I'm thinking I'll make a box out of aluminum, there is plenty of scrap at the girlfriend's parents' house lol.

I was wondering, do they have the dimming ballast for lower wattage bulbs, because I have a 20 Long as my biggest tank for the time being, and 2 39 Watts might be overkill.


----------



## prototyp3 (Dec 5, 2007)

This is pretty sick. I remember looking into this two years ago and the prices on ballasts and controllers made it unreasonable. Nice to see there are some less expensive options available. Thanks for sharing and detailing the build. I love T5 lighting, this just makes it even better.


----------



## DarkCobra (Jun 22, 2004)

Salmon McCloud said:


> I was wondering, do they have the dimming ballast for lower wattage bulbs, because I have a 20 Long as my biggest tank for the time being, and 2 39 Watts might be overkill.


Yes.

Lutron has various T5HO ballast models that drive from 24W-54W, either one or two bulbs. Also has dimming ballasts for normal T5.

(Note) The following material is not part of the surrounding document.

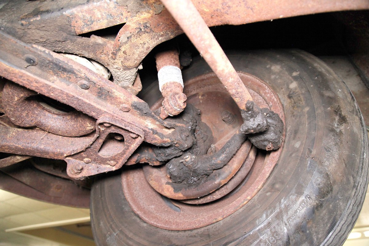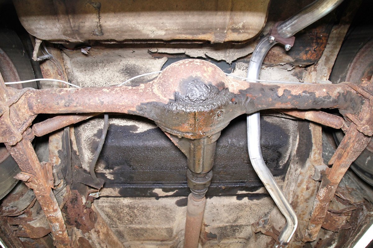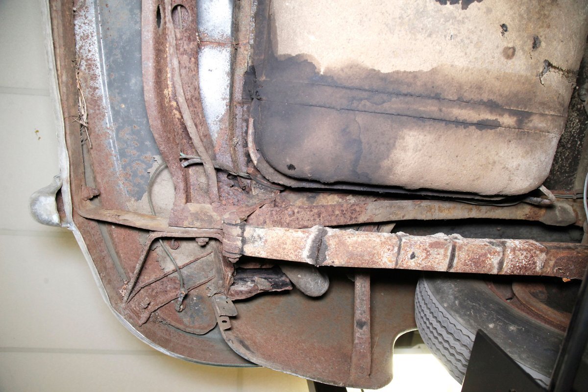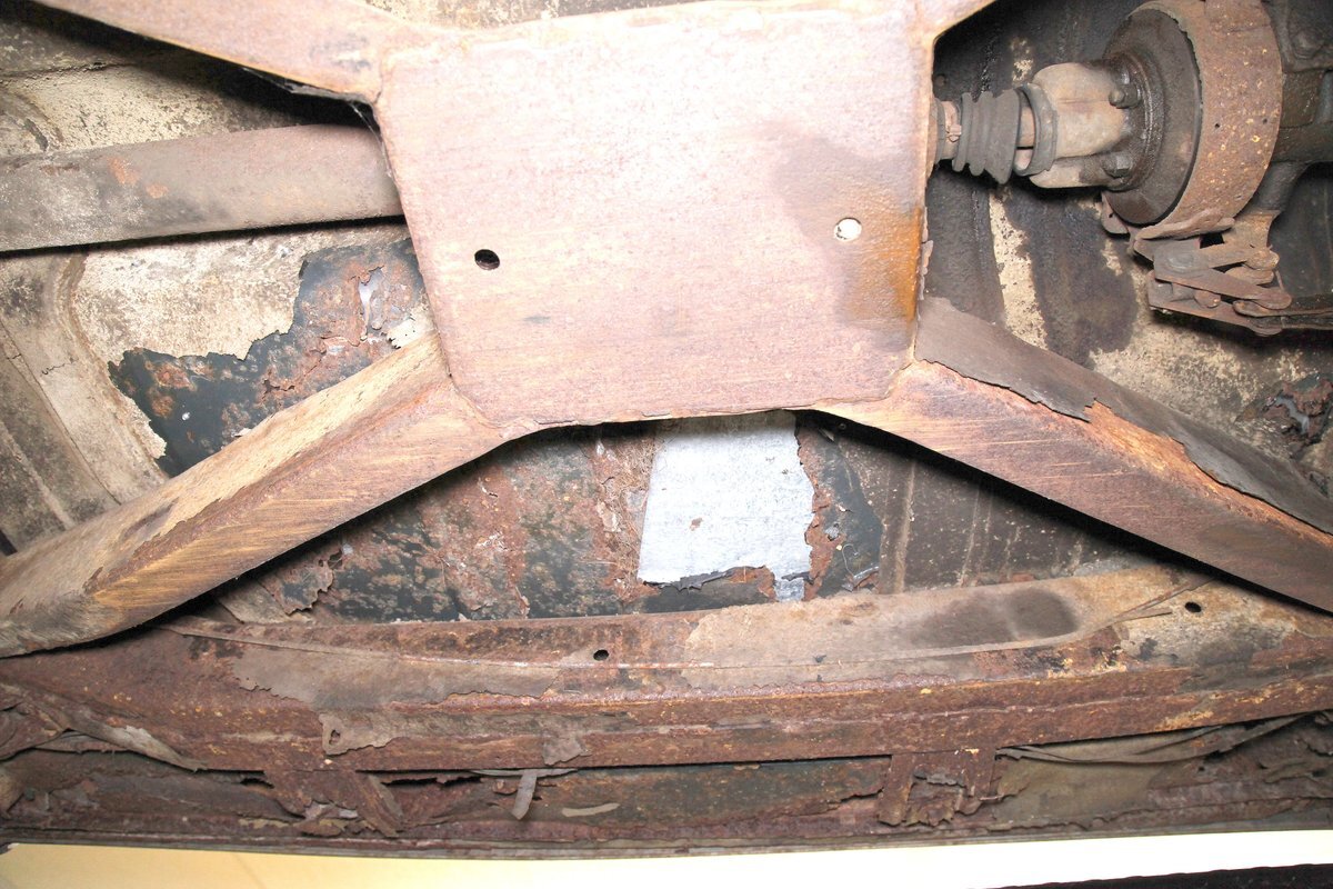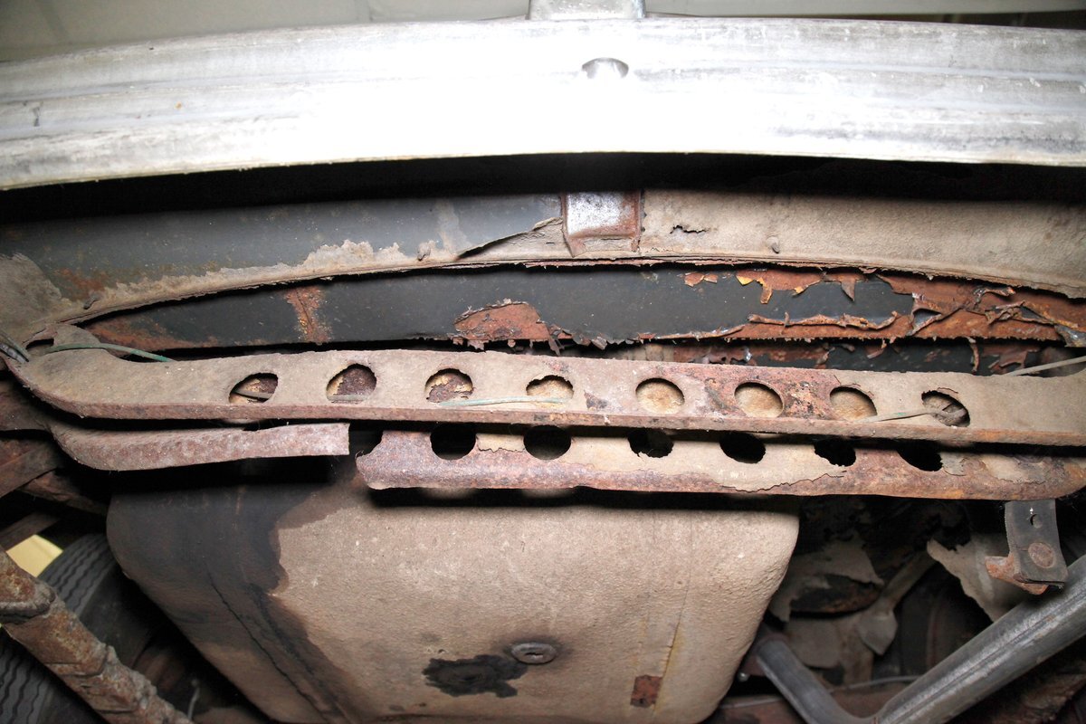 The X frame is riddled with patina and surface rust but remains solid structurally. Rockers and floor pans are stamped steel and show repair panels for the flooring. Independent coil spring front suspension and leaf spring rear is on, and drum brakes are seen all around. We note a new full single exhaust system has recently been installed.
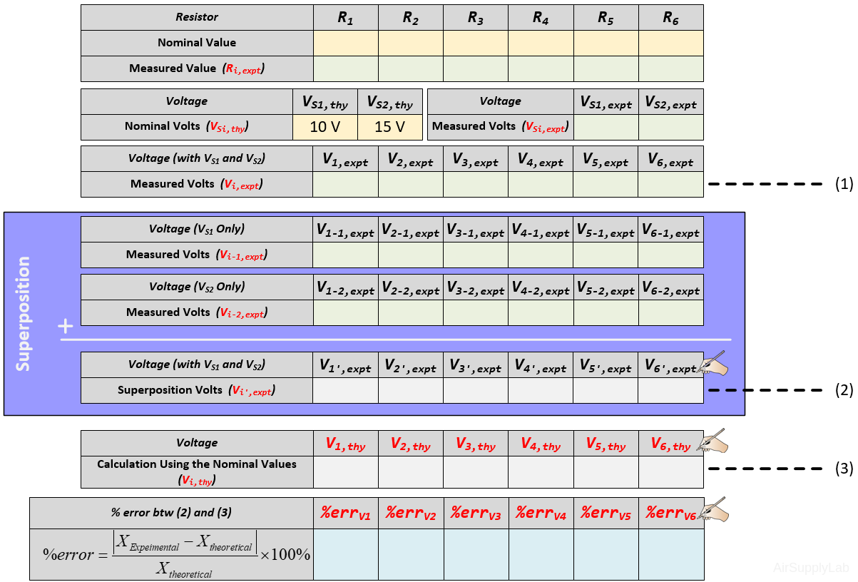 - Using network reduction and the superposition theorem calculate the theoretical values of all of the branch voltages in the circuit (using nominal values) and record the values in Data Table 2. Compare the calculated values with the measured values (Compare the result (2) and (3) in the Data Table 2).

Dimming ballasts for T8, if that will provide sufficient light, were even more common and cheaper back when I last checked into them in January 2010:

http://www.plantedtank.net/forums/diy/101158-cheap-fluorescent-dimming-ballast.html

In that thread, I got a ballast that would drive from 1-3 bulbs of various types, to drive some things it was never intended for. Including a T5HO 39W at about 75% of normal power, with some internal tweaks. Although I don't recommend cheating on T5HO like this, there's a possibility of overheat and explosion when the bulb wears out. Which can be early. One of my first DD Giesemann bulbs was visibly defective out of the box with one end dimmer than the other, and it got rapidly worse over a month.


----------



## Salmon McCloud (Aug 13, 2011)

2 things
I still want T5HO lights, and I don't want to ruin them so I would go with the Lutron 2x24watt ballast, but so far I can only find them for over $100

Secondly, I discussed my idea for my capstone project with one of the kids in my classes tonight, He is going to let me use his CNC machine to make an enclosure for it, so I'll probably make it out of acrylic or probably wood. I just think a smoke colored fixture would be sweet lol. Anyway him and I discussed many possibilites, I want to make some sort of microcontroller, or a microprocessor of some kind so I can type in commands to control it. but if that serves to be way too complex I'll just use dials and whatnot. I was also thinking it would be neat to have a 12 hour light cycle where the light progressively gets brighter and slightly before noon, or before the 6 hour mark, it is at its brightest and sticks there for an hour or so and then dims back to off at 12 hours and then Moonlight LEDs kick on.
He brought up the suggestion of getting some light sensor to set up outside so the light adjusts to the brightness that it is outside, which is cool and all but seems a little too much, and I'm sure its expensive too, but it is also a sweet idea. Anyway I was just wondering what you thought about that and could throw in your ideas.
Also sorry If I'm hijacking your thread.


----------



## DarkCobra (Jun 22, 2004)

I noticed one of the Ebay auctions I mentioned earlier for a 1x 24W:

"LUTRON ECO-T524 T5 24W ELEC. DIMMING BALLAST +ENCLOSURE"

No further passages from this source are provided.